### Work instructions
This task calls for the lines below starting at the one containing "Cabelo Tic Tac" and ending at the one containing "Radering af Peder", repeated exactly with both ends kept and pictures left out.

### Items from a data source

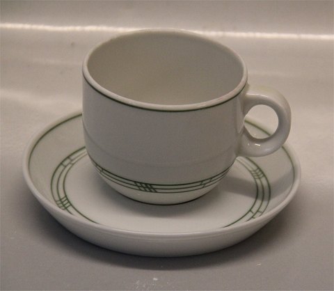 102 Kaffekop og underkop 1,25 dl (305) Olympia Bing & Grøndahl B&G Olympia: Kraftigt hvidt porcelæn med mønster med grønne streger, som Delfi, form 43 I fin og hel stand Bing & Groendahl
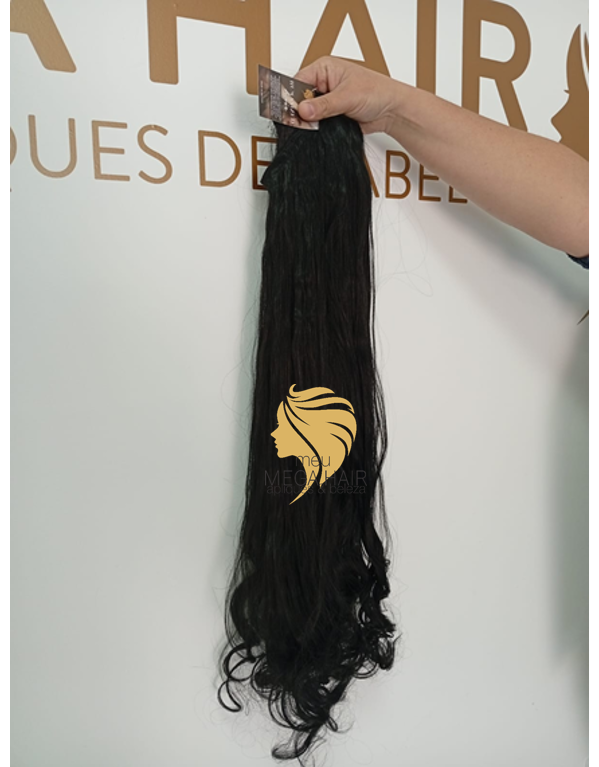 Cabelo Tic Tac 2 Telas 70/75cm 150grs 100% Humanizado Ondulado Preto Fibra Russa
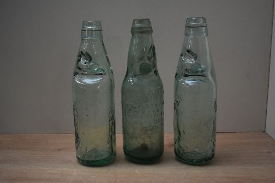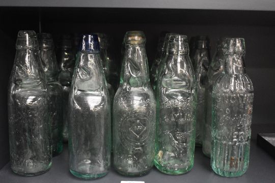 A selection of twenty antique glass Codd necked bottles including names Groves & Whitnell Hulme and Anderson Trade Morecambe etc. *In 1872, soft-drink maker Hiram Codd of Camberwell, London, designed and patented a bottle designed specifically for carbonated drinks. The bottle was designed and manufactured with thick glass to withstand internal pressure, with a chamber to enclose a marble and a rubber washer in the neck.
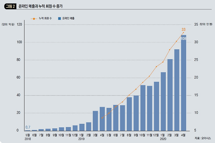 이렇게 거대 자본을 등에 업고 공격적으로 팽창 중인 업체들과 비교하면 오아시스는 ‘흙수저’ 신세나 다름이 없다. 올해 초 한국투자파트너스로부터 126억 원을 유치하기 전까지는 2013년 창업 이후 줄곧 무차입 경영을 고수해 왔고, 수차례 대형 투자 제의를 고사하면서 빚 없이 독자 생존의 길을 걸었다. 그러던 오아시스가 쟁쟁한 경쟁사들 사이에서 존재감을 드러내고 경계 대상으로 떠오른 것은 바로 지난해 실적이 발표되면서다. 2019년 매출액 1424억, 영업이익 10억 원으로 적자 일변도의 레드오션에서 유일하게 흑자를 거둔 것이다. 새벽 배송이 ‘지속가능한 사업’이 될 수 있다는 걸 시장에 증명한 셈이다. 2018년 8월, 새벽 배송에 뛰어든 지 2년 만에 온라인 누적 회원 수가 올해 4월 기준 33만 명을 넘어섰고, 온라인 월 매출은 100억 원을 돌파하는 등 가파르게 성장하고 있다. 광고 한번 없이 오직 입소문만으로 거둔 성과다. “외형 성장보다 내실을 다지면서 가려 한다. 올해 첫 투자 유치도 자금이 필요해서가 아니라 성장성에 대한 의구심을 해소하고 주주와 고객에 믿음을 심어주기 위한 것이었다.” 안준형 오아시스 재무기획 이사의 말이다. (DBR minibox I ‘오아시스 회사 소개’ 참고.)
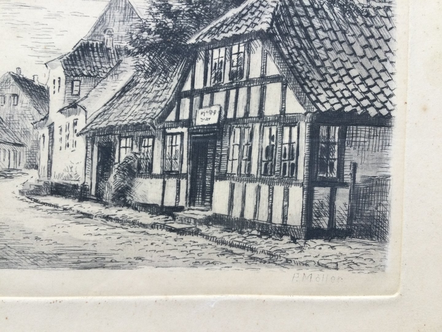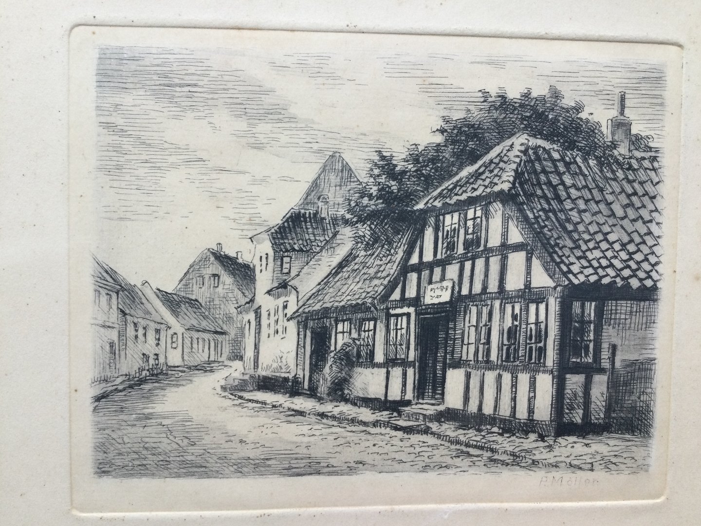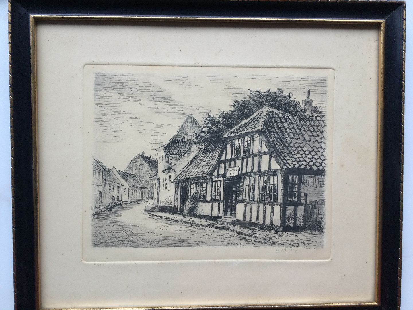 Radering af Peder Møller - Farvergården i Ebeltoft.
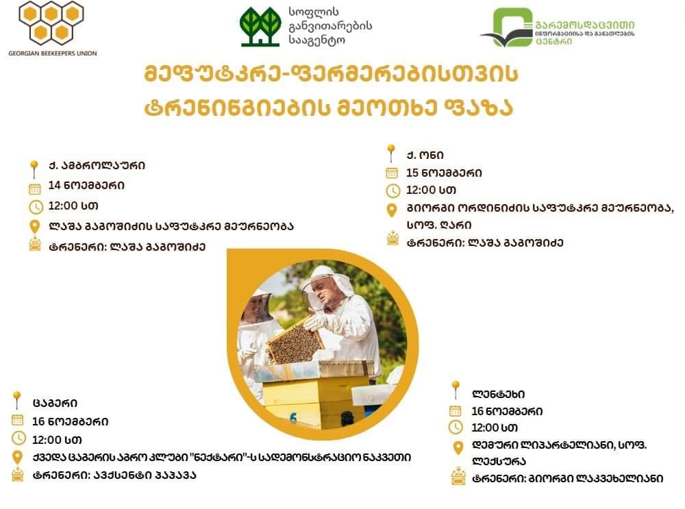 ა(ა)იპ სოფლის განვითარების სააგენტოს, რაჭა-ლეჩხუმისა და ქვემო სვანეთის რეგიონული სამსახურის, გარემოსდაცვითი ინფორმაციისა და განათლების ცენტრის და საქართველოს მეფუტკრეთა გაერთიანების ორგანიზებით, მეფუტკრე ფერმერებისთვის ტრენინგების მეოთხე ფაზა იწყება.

### Response to the task
 Cabelo Tic Tac 2 Telas 70/75cm 150grs 100% Humanizado Ondulado Preto Fibra Russa
 A selection of twenty antique glass Codd necked bottles including names Groves & Whitnell Hulme and Anderson Trade Morecambe etc. *In 1872, soft-drink maker Hiram Codd of Camberwell, London, designed and patented a bottle designed specifically for carbonated drinks. The bottle was designed and manufactured with thick glass to withstand internal pressure, with a chamber to enclose a marble and a rubber washer in the neck.
 이렇게 거대 자본을 등에 업고 공격적으로 팽창 중인 업체들과 비교하면 오아시스는 ‘흙수저’ 신세나 다름이 없다. 올해 초 한국투자파트너스로부터 126억 원을 유치하기 전까지는 2013년 창업 이후 줄곧 무차입 경영을 고수해 왔고, 수차례 대형 투자 제의를 고사하면서 빚 없이 독자 생존의 길을 걸었다. 그러던 오아시스가 쟁쟁한 경쟁사들 사이에서 존재감을 드러내고 경계 대상으로 떠오른 것은 바로 지난해 실적이 발표되면서다. 2019년 매출액 1424억, 영업이익 10억 원으로 적자 일변도의 레드오션에서 유일하게 흑자를 거둔 것이다. 새벽 배송이 ‘지속가능한 사업’이 될 수 있다는 걸 시장에 증명한 셈이다. 2018년 8월, 새벽 배송에 뛰어든 지 2년 만에 온라인 누적 회원 수가 올해 4월 기준 33만 명을 넘어섰고, 온라인 월 매출은 100억 원을 돌파하는 등 가파르게 성장하고 있다. 광고 한번 없이 오직 입소문만으로 거둔 성과다. “외형 성장보다 내실을 다지면서 가려 한다. 올해 첫 투자 유치도 자금이 필요해서가 아니라 성장성에 대한 의구심을 해소하고 주주와 고객에 믿음을 심어주기 위한 것이었다.” 안준형 오아시스 재무기획 이사의 말이다. (DBR minibox I ‘오아시스 회사 소개’ 참고.)
 Radering af Peder Møller - Farvergården i Ebeltoft.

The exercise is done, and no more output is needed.